Greatest liability: License to Kill is like watching a 96-minute assisted suicide.

Greatest asset: Kick-ass A-Ha theme for The Living Daylights.


5. Bond, Lame Bond
Roger Moore (Bond in Live and Let Die, The Man with the Golden Gun, The Spy Who Loved Me, Moonraker, For Your Eyes Only, Octopussy, and A View to a Kill)

To those who believe Roger Moore was the best Bond (and they are out there), let me say: Fuck you. No, seriously. Fuck you.

With a staggering seven films to his Bond résumé, Moore, unfortunately, holds the record for most 007 outings – unless Connery’s unofficial and unfortunate Never Say Never Again is counted, in which case they’re tied. Never Say Never Again was an off-brand Bond, basically a remake of Thunderball by a different studio, and it sucked pretty hard. Still, I’m going to count it just so Moore won’t have the edge on St. Sean.

Yes, Moore has seven Bond films to his credit. Of those seven, one (For Your Eyes Only) is actually a superior spy film, but fully three (Live and Let Die, The Spy Who Loved Me, A View to a Kill) feature theme songs that are far better than the movies themselves. The remaining three just suck all around.


Above: Fuck you, man. Just fuck you.

Moore’s Bond suffered from lousy, jokey scripts that favored bad puns and stupid slapstick over action. In previous years, other films had tried to imitate the Bond pictures. Now Bond consciously aped other films. Moore’s films featured chases between Bond and a lowbrow Southern sheriff, an obvious nod to the CB-and-trucker craze epitomized by movies like Smokey and the Bandit. After the success of Star Wars, Ian Fleming’s novel about nuclear missiles, Moonraker, was retooled into an idiot space opera. The franchise missed no opportunity to degrade itself. Case in point: The Man with the Golden Gun (widely considered to be the worst Bond film ever), in which an admittedly incredible stunt – a car jump featuring a midair corkscrew twist – is accompanied by a slide-whistle sound effect! A fucking slide-whistle!
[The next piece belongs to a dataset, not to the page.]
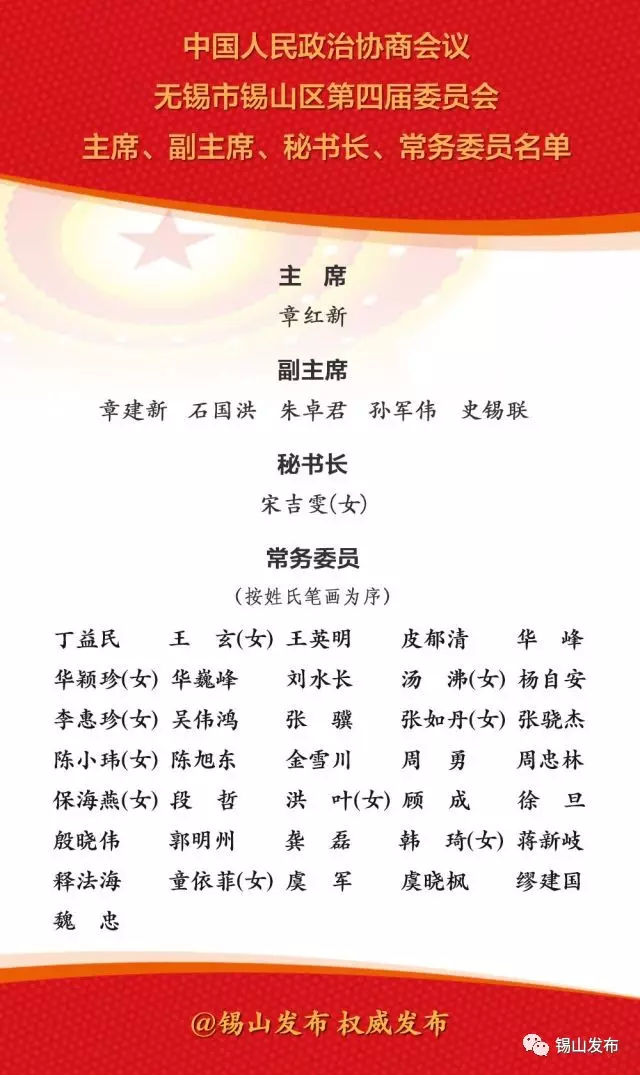 【锡山】政协性爱论坛锡山区第四届委员会主席、副主席、秘书长和常务委员名单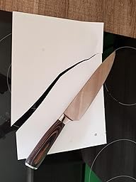 Meine “Sorgenkinder” Tomaten und Fleisch schneidet es einwandfrei,woran ich allerdings erkenne ob ein Messer gut ist, ist am Papier. Wie zu sehen, ist das Messer sehr schön durch das Papier geleitet, was mich letztendlich auch überzeugt hat.

And unlike Dalton, a serious Bond trapped in a sub-par movie, Moore aided and abetted the degradation. His read of the character was that Bond was more a lover than a fighter. His Bond was a guy who would much rather sit around sipping Cognac and making boner jokes than, I don’t know, actually go out and save the damn world. You always got the impression that Moore’s 007 felt that spying was an unwelcome interruption from his actual job, which was apparently being a douchebag of the first water.

Greatest liability: He was not smothered at birth.

Greatest asset: Now too old to ever, ever make another Bond film.

So there you have it. I realize that anyone who ranks the various Bonds is bound to generate controversy among 007 aficionados, and I welcome dissenting opinions. Except about Roger Moore. What a douche.

2 comments:

Colonel Trautman said...

What about Woody Allen and David Niven? Or Neil Connery?

Rabo Karabekian said...

Niven, Woody Allen and Neil Connery don't count because they were not in official EON Productions pictures. Were I ranking them, however, I'd put them between Dalton and Moore.